You’ll definitely want to remove any primers, barcodes, adapters, etc. from your sequences before denoising with DADA2.
How many features (i.e. ASVs) are produced when you use the consensus chimera detection method vs. pooled? Can you also check the difference in the number of reads between the two methods?
Have you joined your paired-end reads in any way before importing them into qiime2? I’m guessing the answer is no because you were able to import as paired-end data, but I wanted to double-check. DADA2 works best with unjoined paired-end sequences as input, because it will join the sequences for you after denoising.
Can you also try running dada2 denoise-single on your sequences? You can use the merged-sequences.qza with denoise-single, it’ll ignore the reverse reads and only denoise the forward reads. How many features and reads do you get with denoise-single vs denoise-paired?

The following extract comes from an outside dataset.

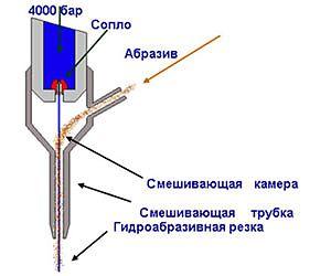 Инновационный способ. Резка осуществляется смесью воды и абразива (песка), которая под давлением подается через узкое сопло. Этот способ позволяет разрезать изделия в толщину до 30 сантиметров.
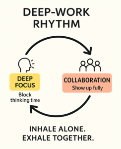 They treat deep work as non-negotiable and collective intelligence as sacred. The rhythm feels almost biological: inhale alone, exhale together.

Sorry for late reply though. I finally did what you asked.
So I updated to 2017.9, then two days ago, 2017.10
So here I can’t compare directly between consensus vs pooled, because when I did consensus method, I removed primer sequences. Before consensus method, I did pooled method without removing primer sequences, and it took over 1 week to finish this dada2 script. I only can compare the number of features between ‘consensus without primer seqs’ vs ‘pooled with primer seqs’, which is 292,323 vs 165,110. Read count between ‘Consensus without primer’ vs ‘Pooled with primer’ was 80,921,008 vs 30,966,556.
I imported the sequences through “qiime2 tools import” with paired-end manifest file, to make “demux.qza”, which is then the input file of DADA2 denoising.
denoise-single produced 357,579 features, more than 292,323 features by denoise-paired. Can I ask what do you want to look from this result?
Great! Did you rerun your analyses with the new release? Do you see any differences in the results?
That’s unfortunate that it takes so long to run! To decrease runtime, try using the --p-n-threads option to run DADA2 in parallel.
I’ll reiterate that you will not obtain reasonable results if your sequence data contains sequencing artifacts such as primers. Can you try rerunning pooled chimera checking on your sequence data that has the primers removed? Otherwise there isn’t a comparison we can make here between the chimera checking methods.
Great, that sounds like the right workflow! Thanks for confirming.
When you ran denoise-single, did you use the sequencing data that has primers removed?
Can you also provide the .qzv file produced by qiime demux summarize? That’ll let me take a look at the quality scores in your forward and reverse reads in case there’s anything going on there.